FreeBSD Developer Summit: UEFI
May 15, 2013 13:30-16:30 in SITE F0126
Overview
This working group was focused on how FreeBSD can adapt to the UEFI boot environment. It was open to anyone with an interest in the state of FreeBSD on UEFI and anyone who wished to be part of further discussions as to how FreeBSD on UEFI will look.
It may be possible to bring in people who cannot attend in person via video conference or chat tools. Notes during the session will be published later on for the whole community to see what we discussed.
Goals
In this working group I hope to update the developer community as to the state of support of UEFI under FreeBSD. This will be in the form of a brief presentation.
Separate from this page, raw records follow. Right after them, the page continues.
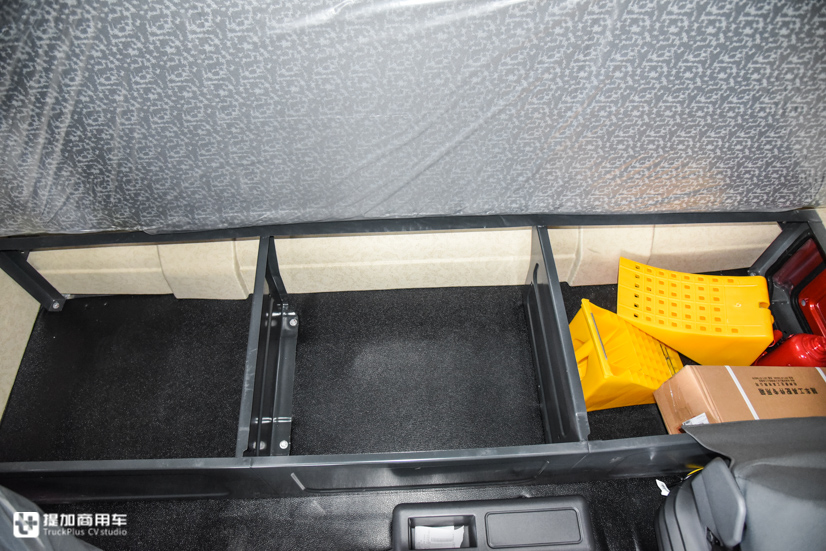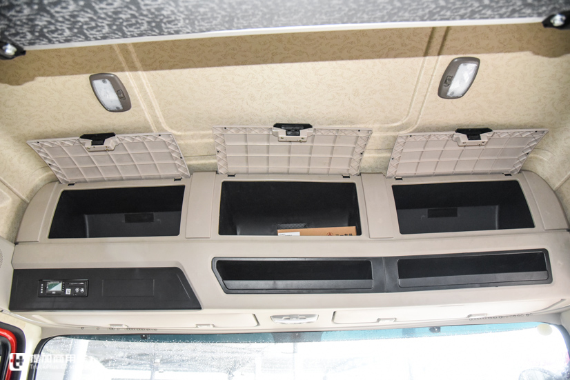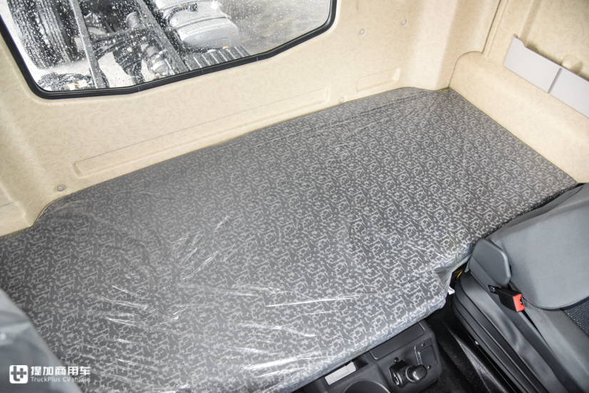 驾驶室内整体的空间跟牵引车没啥区别,中间平地板的设计,载货车里面来讲这个空间是属于非常大的。顶部的储物空间也做得不错,虽然卧铺没有牵引车那么宽,但是它这个卧铺宽度也有90多厘米,这个数据不管是在牵引车或者是在载货车上面都是属于大卧铺的配置。
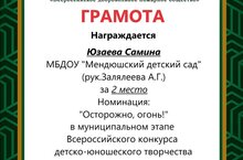 Россия күләмендә үткәрелгән пожар куркынычсызлыгы буенча үткәрелгән "Неопалимая купина" конкурсының муниципаль этабының нәтиҗәләре билгеле булды. Безнең бакчабыздан Набиуллина Р.Р., Хөсәйнова М.Р., Гарипов З.З, Лотфуллин С.С. катнашучы сертификатларына ия булдылар. Ә Юзаева С.Д. 2 нче урынга лаек булды. Котлыйбыз!!! Алда да уңышлар юлдаш булсын!!!
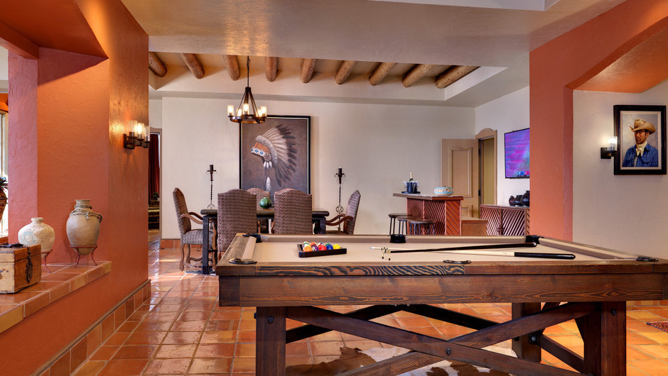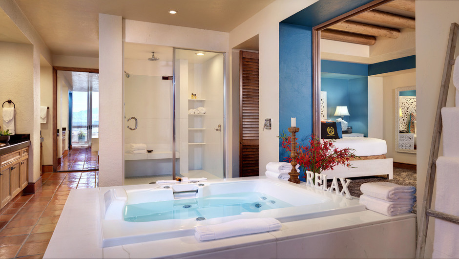 Terracotta tones, handcrafted details, and desert accents bring the Santa Fe Suite to life. It's a warm, welcoming space that feels like an artist’s retreat with a Southwestern soul—just with more neon.
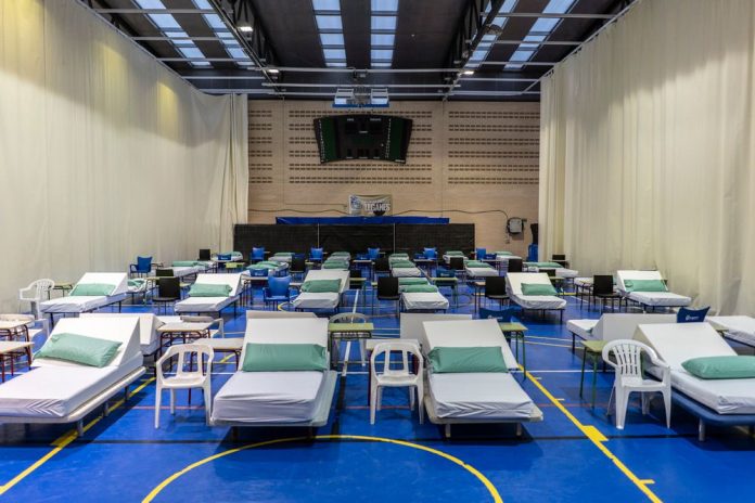 Todo está ya preparado para que el hospital de campaña habilitado en el pabellón Carlos Sastre de Leganés pueda empezar a funcionar, ya que sólo se está a la espera de disponer de los tanques de oxígeno. El montaje de este hospital ha contado con la supervisión de Médicos Sin Fronteras y cuando funcione a pleno rendimiento dispondrá de hasta 150 camas.
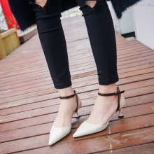 大叔家ocandy2017春季新品韩版尖头中空细跟中跟一字式扣带单鞋子
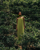 The Kushmita Dress is a celebration of effortless style rooted in heritage. Crafted from super stretchy, slinky textured jersey, this dress moves with you, embracing your silhouette with a loose, airy fit. The elasticated bandeau neckline sits comfortably, framed by delicate rope details that weave across the front, evoking the intricate craftsmanship and stories woven through our culture. Complete with a matching scarf to tie around your neck, this piece invites you to carry the warmth and soul of Bangladesh wherever you go.
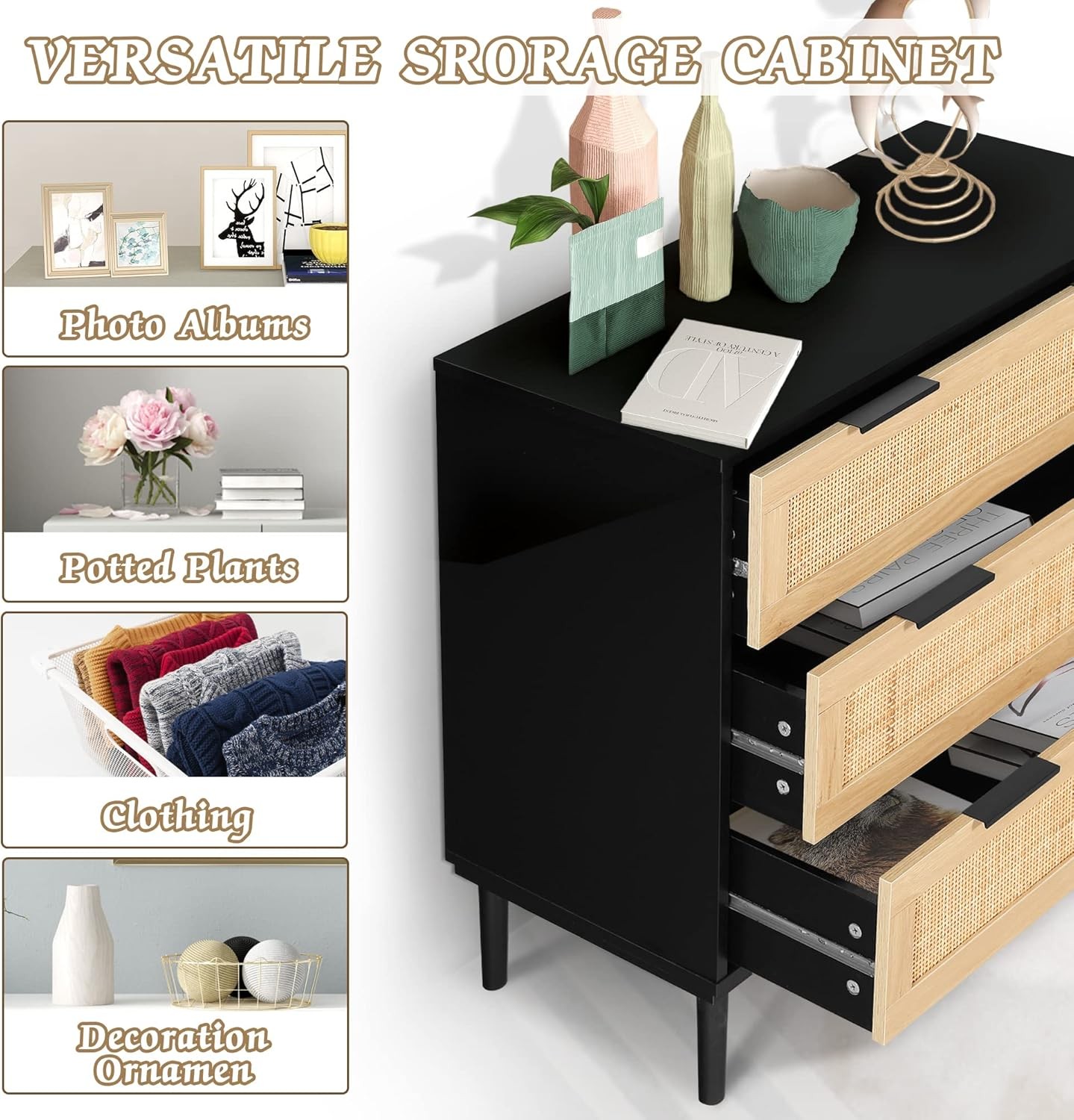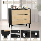 Rattan 3 Drawer Wood Dresser Boho Large Storage Cabinet Nightstand Chest for Bedroom Mid Century Modern Chest of Drawers Wide Closet Dresser Storage Organizer Product Description About this item 【3 Large Drawers & Double Handles】:This 3 drawers chest has multiple storage options for you to choose from,which is abundant and spacious enough to meet your daily storage needs.It features 3 ample drawers, which can be used to store books, remote controls, keys, glasses and other daily necessities, or T-shirts, jeans and other.Each drawer is equipped with two handles for easy access.Desktop also provides a storage platform for lamps, alarm clocks and decorations for convenience. 【Exquisite Rattan Dresser】:Our 3 drawer wood dresser adopts the classic black and wood color contrasting design, each drawer is decorated with natural rattan, blending the retro style of the mid-century and the stylish modern elements, simple yet exquisite, perfect for all styles of decoration. 【Multifunctional】:Multifunctional dresser has the perfect size and can be used as a sofa side table next to the sofa, as a storage cabinet in the hallway or as nightstands next to the bed.It will keep your home organized and tidy,making it easier for you to get things. 【Premium Material & Sturdy】:The bedside storage cabinet with drawers is made of high-quality wooden frame and hand-woven rattan,so it has exquisite workmanship and smooth surface.Four legs are thickened to improve load-bearing capacity and stability, sturdy and will not shake, strong enough to withstand itself and the items placed. 【Easy to Assemble & Clean】:Comes with detailed and easy-to-understand instructions and complete accessories, including non-slip feet and four anti-tip corners. Each part is numbered, so you can fast and easy to assemble without spending too much time and effort. Only need a simple wipe for simple daily maintenance.
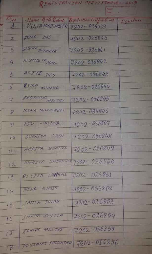 i) ছাত্রী / অভিভাবক আসলে রেজিস্ট্রেশন সার্টিফিকেট আসবে ৷
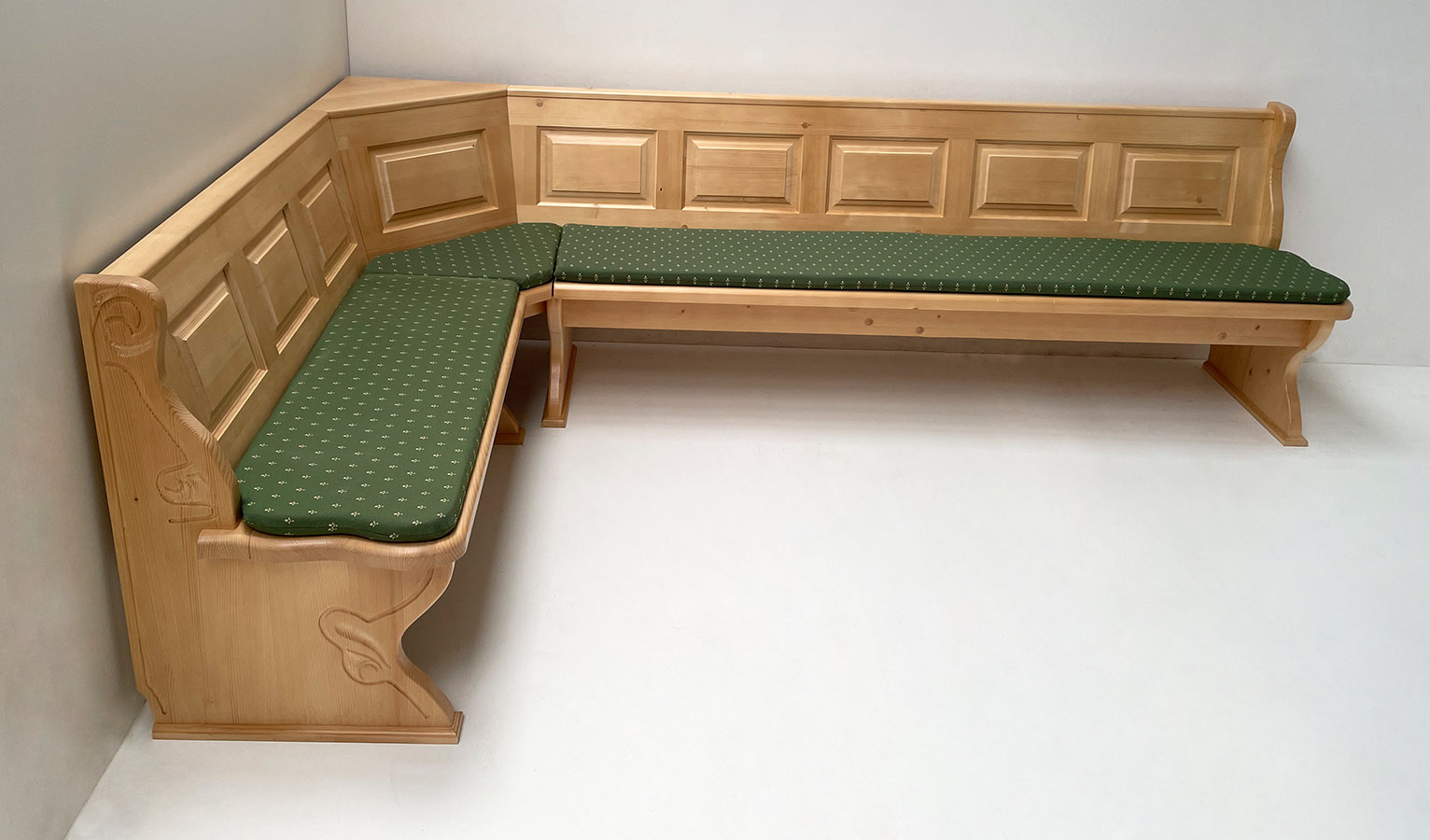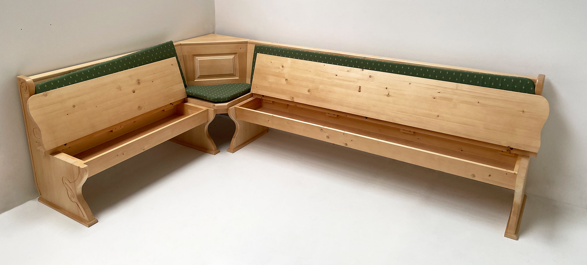 Eckbank Lindau 195/240 , mit Truhen, Aussenwangen geschnitzt, Polstersatz genäht, Kundl grün
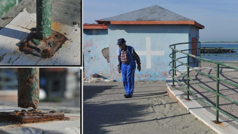 Oggi, durante la passeggiata con il mio papà novantenne, mi ha fatto notare, con occhio vigile, che la balaustra davanti al vecchio pronto soccorso della spiaggia libera sul Lungomare della Salute a Fiumicino, versa in uno stato a dir poco pietoso (vedi foto). Spesso i bambini ci si arrampicano e questo può essere molto pericoloso.
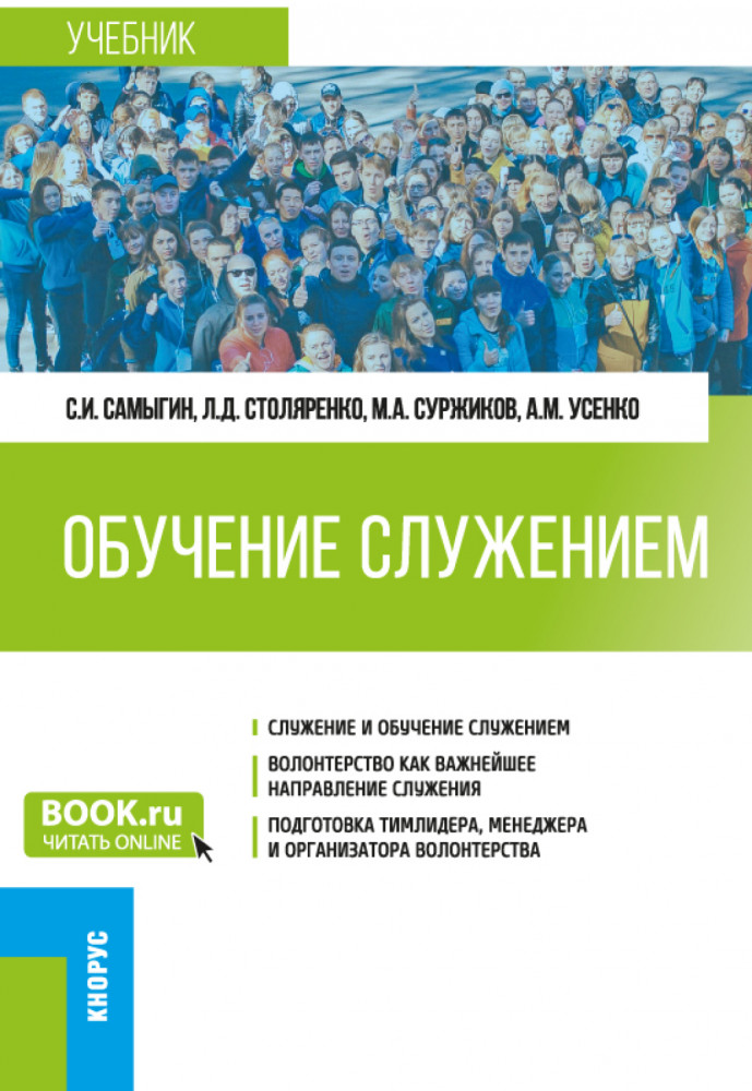 Обучение служением. УчебникСергей Иванович Самыгин, Людмила Дмитриевна Столяренко В данный момент этот товар отсутствует в продаже. Возможно, у нас найдется аналогичный или похожий товар здесь. Серия: Бакалавриат Рассматриваются понятия «служение», «обучение служением», зарубежный и российский опыт развития волонтерской деятельности, ее различные направления, программы подготовки волонтеров, тимлидеров, менеджеров, организаторов, тренеров в инфраструктуре волонтерства, их необходимые компетенции, психологические закономерности общения и взаимодействия волонтеров с больными, одинокими престарелыми, инвалидами, а также психологические основы поведения и оказания помощи в чрезвычайных ситуациях, социально-психологические закономерности лидерства и формирования команды волонтеров, психо-педагогические основы обучения служением и организации тренингов командообразования. |

After that a series of discussions will be held around certain topics with a view to determining future directions of UEFI support.
Topics
# |
Topic |
1 |
Structure of the EFI System Partition under FreeBSD |
2 |
Interoperation with other OSes and FreeBSD installations on the same system |
3 |
How updates to boot stubs, loader and kernels are managed |
4 |
How a UEFI-based FreeBSD system is installed (also relates to #2) |
5 |
How and to what extent to we support Secure Boot? |
6 |
Making the kernel relocatable to avoid issues with UEFI memory allocations |
7 |
Refactoring libefi et al to better share code across platforms |
Attending
In order to attend you need register for the developer summit as well as by email for the session and be confirmed by the working group organizer. Follow the guidelines described on the main page or what you received by email. For questions or if in doubt ask the session chairs.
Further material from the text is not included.